WORK INSTRUCTIONS> Repeat the listing below word for word, leaving nothing out.
######
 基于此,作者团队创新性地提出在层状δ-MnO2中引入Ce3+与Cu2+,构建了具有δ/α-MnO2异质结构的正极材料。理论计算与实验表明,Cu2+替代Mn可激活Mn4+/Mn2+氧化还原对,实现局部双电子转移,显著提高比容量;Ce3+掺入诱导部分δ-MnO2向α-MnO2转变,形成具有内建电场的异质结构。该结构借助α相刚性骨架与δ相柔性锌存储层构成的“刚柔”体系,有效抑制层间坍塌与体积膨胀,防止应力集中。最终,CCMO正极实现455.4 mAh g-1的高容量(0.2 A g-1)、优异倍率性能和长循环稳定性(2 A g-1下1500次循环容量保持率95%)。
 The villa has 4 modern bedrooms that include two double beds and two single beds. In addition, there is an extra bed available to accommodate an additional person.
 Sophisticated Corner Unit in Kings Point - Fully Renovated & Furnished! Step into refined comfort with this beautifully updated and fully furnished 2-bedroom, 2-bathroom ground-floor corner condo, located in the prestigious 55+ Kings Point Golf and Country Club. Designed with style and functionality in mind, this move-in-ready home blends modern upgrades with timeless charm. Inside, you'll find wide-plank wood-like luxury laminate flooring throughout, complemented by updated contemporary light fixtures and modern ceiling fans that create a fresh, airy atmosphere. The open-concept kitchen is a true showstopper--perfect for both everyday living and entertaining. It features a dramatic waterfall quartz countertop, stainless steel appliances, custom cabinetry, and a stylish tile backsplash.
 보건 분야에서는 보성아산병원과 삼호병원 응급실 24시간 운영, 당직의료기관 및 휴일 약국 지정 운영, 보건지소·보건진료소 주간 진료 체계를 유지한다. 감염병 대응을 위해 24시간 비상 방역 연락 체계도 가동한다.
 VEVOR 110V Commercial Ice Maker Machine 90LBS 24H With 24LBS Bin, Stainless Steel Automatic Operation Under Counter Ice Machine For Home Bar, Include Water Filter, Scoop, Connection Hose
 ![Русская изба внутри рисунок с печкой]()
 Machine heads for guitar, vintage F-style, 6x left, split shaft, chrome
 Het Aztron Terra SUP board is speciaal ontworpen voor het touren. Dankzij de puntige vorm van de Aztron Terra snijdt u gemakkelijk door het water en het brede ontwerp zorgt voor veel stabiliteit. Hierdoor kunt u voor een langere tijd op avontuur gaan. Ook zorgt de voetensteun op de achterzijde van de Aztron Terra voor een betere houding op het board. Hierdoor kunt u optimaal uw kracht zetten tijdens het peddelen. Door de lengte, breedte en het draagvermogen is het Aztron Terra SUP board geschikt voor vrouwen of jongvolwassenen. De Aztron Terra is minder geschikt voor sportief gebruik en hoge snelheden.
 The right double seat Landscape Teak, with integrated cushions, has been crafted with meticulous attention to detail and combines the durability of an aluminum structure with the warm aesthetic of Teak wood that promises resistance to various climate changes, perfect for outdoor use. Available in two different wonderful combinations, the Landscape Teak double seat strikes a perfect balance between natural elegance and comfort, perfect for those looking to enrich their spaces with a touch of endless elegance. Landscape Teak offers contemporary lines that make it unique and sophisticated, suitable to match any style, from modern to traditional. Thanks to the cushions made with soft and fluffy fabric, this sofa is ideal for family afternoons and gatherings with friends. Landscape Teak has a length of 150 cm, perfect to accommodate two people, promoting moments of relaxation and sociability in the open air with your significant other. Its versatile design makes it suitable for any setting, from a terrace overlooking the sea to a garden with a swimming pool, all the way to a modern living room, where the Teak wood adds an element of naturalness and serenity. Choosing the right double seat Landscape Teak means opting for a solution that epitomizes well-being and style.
######
TASK RESULT>
 基于此,作者团队创新性地提出在层状δ-MnO2中引入Ce3+与Cu2+,构建了具有δ/α-MnO2异质结构的正极材料。理论计算与实验表明,Cu2+替代Mn可激活Mn4+/Mn2+氧化还原对,实现局部双电子转移,显著提高比容量;Ce3+掺入诱导部分δ-MnO2向α-MnO2转变,形成具有内建电场的异质结构。该结构借助α相刚性骨架与δ相柔性锌存储层构成的“刚柔”体系,有效抑制层间坍塌与体积膨胀,防止应力集中。最终,CCMO正极实现455.4 mAh g-1的高容量(0.2 A g-1)、优异倍率性能和长循环稳定性(2 A g-1下1500次循环容量保持率95%)。
 The villa has 4 modern bedrooms that include two double beds and two single beds. In addition, there is an extra bed available to accommodate an additional person.
 Sophisticated Corner Unit in Kings Point - Fully Renovated & Furnished! Step into refined comfort with this beautifully updated and fully furnished 2-bedroom, 2-bathroom ground-floor corner condo, located in the prestigious 55+ Kings Point Golf and Country Club. Designed with style and functionality in mind, this move-in-ready home blends modern upgrades with timeless charm. Inside, you'll find wide-plank wood-like luxury laminate flooring throughout, complemented by updated contemporary light fixtures and modern ceiling fans that create a fresh, airy atmosphere. The open-concept kitchen is a true showstopper--perfect for both everyday living and entertaining. It features a dramatic waterfall quartz countertop, stainless steel appliances, custom cabinetry, and a stylish tile backsplash.
 보건 분야에서는 보성아산병원과 삼호병원 응급실 24시간 운영, 당직의료기관 및 휴일 약국 지정 운영, 보건지소·보건진료소 주간 진료 체계를 유지한다. 감염병 대응을 위해 24시간 비상 방역 연락 체계도 가동한다.
 VEVOR 110V Commercial Ice Maker Machine 90LBS 24H With 24LBS Bin, Stainless Steel Automatic Operation Under Counter Ice Machine For Home Bar, Include Water Filter, Scoop, Connection Hose
 ![Русская изба внутри рисунок с печкой]()
 Machine heads for guitar, vintage F-style, 6x left, split shaft, chrome
 Het Aztron Terra SUP board is speciaal ontworpen voor het touren. Dankzij de puntige vorm van de Aztron Terra snijdt u gemakkelijk door het water en het brede ontwerp zorgt voor veel stabiliteit. Hierdoor kunt u voor een langere tijd op avontuur gaan. Ook zorgt de voetensteun op de achterzijde van de Aztron Terra voor een betere houding op het board. Hierdoor kunt u optimaal uw kracht zetten tijdens het peddelen. Door de lengte, breedte en het draagvermogen is het Aztron Terra SUP board geschikt voor vrouwen of jongvolwassenen. De Aztron Terra is minder geschikt voor sportief gebruik en hoge snelheden.
 The right double seat Landscape Teak, with integrated cushions, has been crafted with meticulous attention to detail and combines the durability of an aluminum structure with the warm aesthetic of Teak wood that promises resistance to various climate changes, perfect for outdoor use. Available in two different wonderful combinations, the Landscape Teak double seat strikes a perfect balance between natural elegance and comfort, perfect for those looking to enrich their spaces with a touch of endless elegance. Landscape Teak offers contemporary lines that make it unique and sophisticated, suitable to match any style, from modern to traditional. Thanks to the cushions made with soft and fluffy fabric, this sofa is ideal for family afternoons and gatherings with friends. Landscape Teak has a length of 150 cm, perfect to accommodate two people, promoting moments of relaxation and sociability in the open air with your significant other. Its versatile design makes it suitable for any setting, from a terrace overlooking the sea to a garden with a swimming pool, all the way to a modern living room, where the Teak wood adds an element of naturalness and serenity. Choosing the right double seat Landscape Teak means opting for a solution that epitomizes well-being and style.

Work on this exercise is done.